>>>>

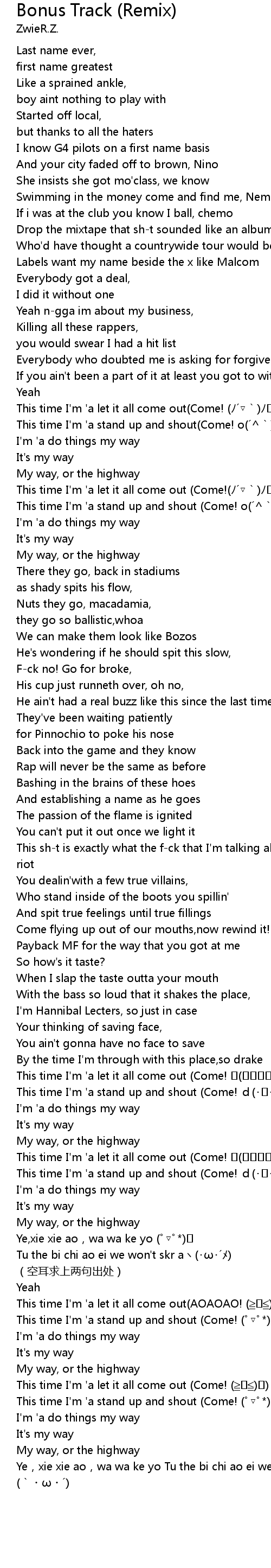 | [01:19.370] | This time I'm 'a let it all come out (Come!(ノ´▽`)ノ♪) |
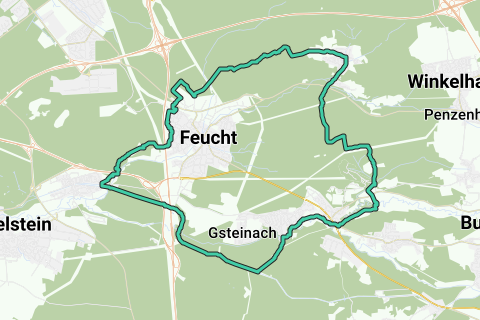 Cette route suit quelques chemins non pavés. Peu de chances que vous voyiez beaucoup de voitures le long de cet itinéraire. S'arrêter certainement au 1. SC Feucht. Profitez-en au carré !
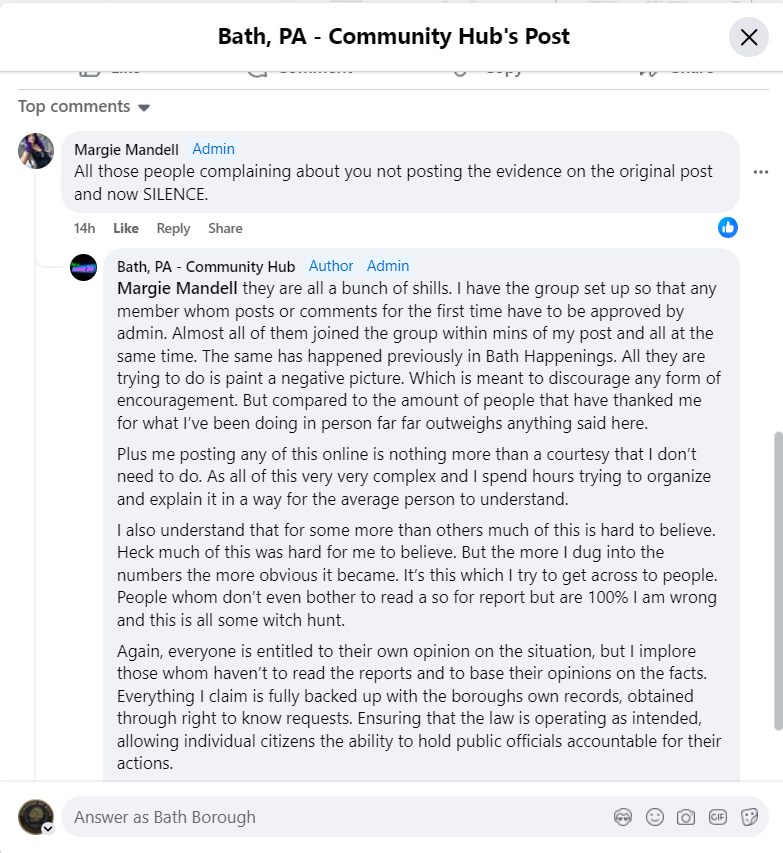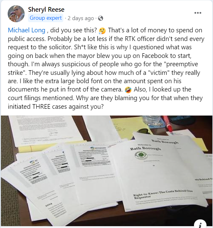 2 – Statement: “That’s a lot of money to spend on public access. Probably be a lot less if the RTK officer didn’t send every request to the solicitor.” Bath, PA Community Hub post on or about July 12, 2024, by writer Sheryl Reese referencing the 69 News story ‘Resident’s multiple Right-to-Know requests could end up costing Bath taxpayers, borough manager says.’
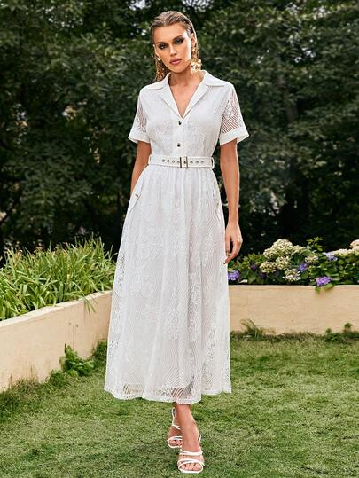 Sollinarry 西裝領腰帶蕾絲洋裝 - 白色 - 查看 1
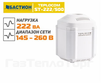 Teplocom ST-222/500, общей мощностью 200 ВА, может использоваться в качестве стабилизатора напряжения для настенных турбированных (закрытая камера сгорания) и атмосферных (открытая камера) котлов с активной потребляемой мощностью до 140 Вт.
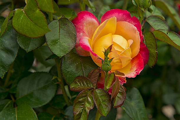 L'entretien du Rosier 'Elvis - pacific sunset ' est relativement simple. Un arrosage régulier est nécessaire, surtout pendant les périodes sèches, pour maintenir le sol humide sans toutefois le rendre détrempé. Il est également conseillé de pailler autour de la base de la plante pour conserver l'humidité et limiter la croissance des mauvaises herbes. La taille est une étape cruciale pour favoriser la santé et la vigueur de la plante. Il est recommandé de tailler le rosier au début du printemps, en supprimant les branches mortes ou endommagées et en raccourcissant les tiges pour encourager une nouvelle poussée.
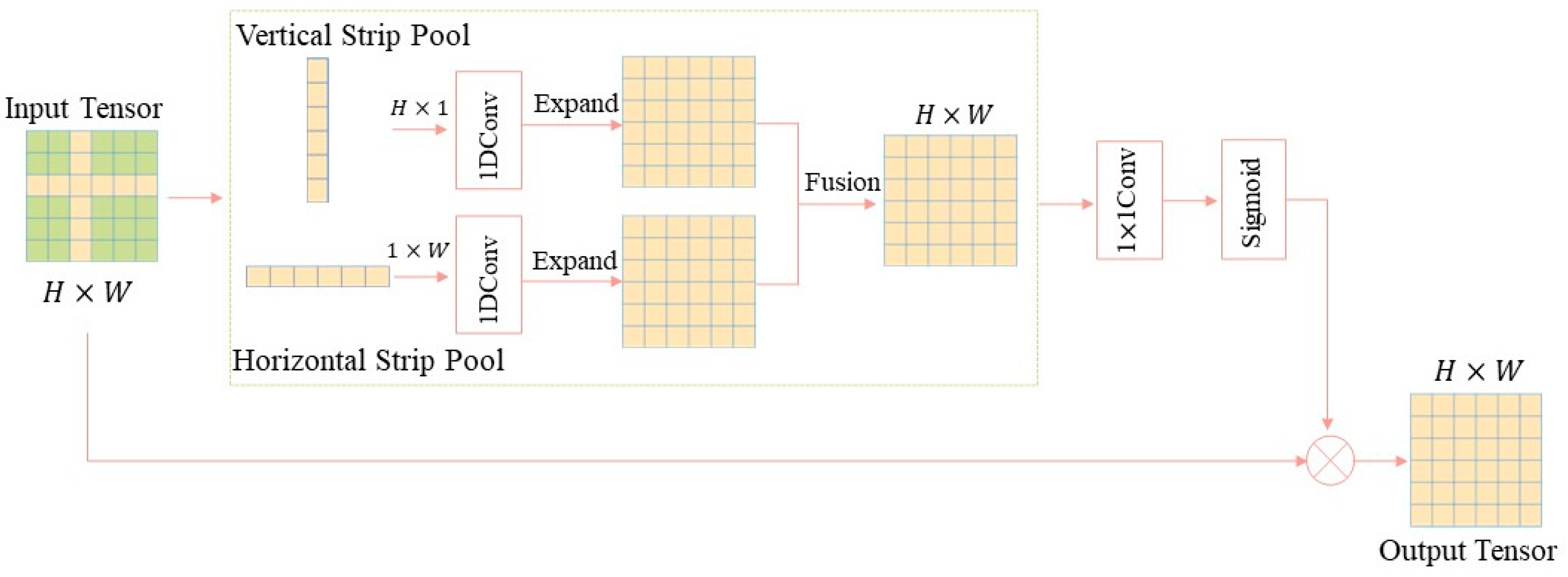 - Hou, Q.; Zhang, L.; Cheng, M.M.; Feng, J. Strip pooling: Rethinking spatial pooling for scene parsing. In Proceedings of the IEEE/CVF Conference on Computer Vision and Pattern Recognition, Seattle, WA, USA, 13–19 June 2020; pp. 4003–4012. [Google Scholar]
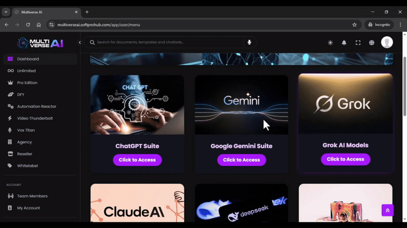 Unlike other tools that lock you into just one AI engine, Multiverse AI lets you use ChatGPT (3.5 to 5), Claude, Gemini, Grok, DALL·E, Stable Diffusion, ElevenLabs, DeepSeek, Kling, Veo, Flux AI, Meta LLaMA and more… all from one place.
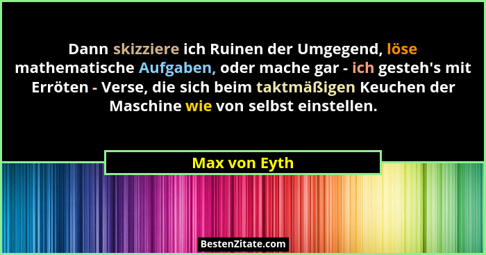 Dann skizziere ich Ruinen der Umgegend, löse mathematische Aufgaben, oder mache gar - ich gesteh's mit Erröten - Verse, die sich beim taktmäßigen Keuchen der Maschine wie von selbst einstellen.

<<<<

*What the task requires*: Because only the text is wanted, repeat all the entries exactly and leave out the pictures.

*Task response*:
 | [01:19.370] | This time I'm 'a let it all come out (Come!(ノ´▽`)ノ♪) |
 Cette route suit quelques chemins non pavés. Peu de chances que vous voyiez beaucoup de voitures le long de cet itinéraire. S'arrêter certainement au 1. SC Feucht. Profitez-en au carré !
 2 – Statement: “That’s a lot of money to spend on public access. Probably be a lot less if the RTK officer didn’t send every request to the solicitor.” Bath, PA Community Hub post on or about July 12, 2024, by writer Sheryl Reese referencing the 69 News story ‘Resident’s multiple Right-to-Know requests could end up costing Bath taxpayers, borough manager says.’
 Sollinarry 西裝領腰帶蕾絲洋裝 - 白色 - 查看 1
 Teplocom ST-222/500, общей мощностью 200 ВА, может использоваться в качестве стабилизатора напряжения для настенных турбированных (закрытая камера сгорания) и атмосферных (открытая камера) котлов с активной потребляемой мощностью до 140 Вт.
 L'entretien du Rosier 'Elvis - pacific sunset ' est relativement simple. Un arrosage régulier est nécessaire, surtout pendant les périodes sèches, pour maintenir le sol humide sans toutefois le rendre détrempé. Il est également conseillé de pailler autour de la base de la plante pour conserver l'humidité et limiter la croissance des mauvaises herbes. La taille est une étape cruciale pour favoriser la santé et la vigueur de la plante. Il est recommandé de tailler le rosier au début du printemps, en supprimant les branches mortes ou endommagées et en raccourcissant les tiges pour encourager une nouvelle poussée.
 - Hou, Q.; Zhang, L.; Cheng, M.M.; Feng, J. Strip pooling: Rethinking spatial pooling for scene parsing. In Proceedings of the IEEE/CVF Conference on Computer Vision and Pattern Recognition, Seattle, WA, USA, 13–19 June 2020; pp. 4003–4012. [Google Scholar]
 Unlike other tools that lock you into just one AI engine, Multiverse AI lets you use ChatGPT (3.5 to 5), Claude, Gemini, Grok, DALL·E, Stable Diffusion, ElevenLabs, DeepSeek, Kling, Veo, Flux AI, Meta LLaMA and more… all from one place.
 Dann skizziere ich Ruinen der Umgegend, löse mathematische Aufgaben, oder mache gar - ich gesteh's mit Erröten - Verse, die sich beim taktmäßigen Keuchen der Maschine wie von selbst einstellen.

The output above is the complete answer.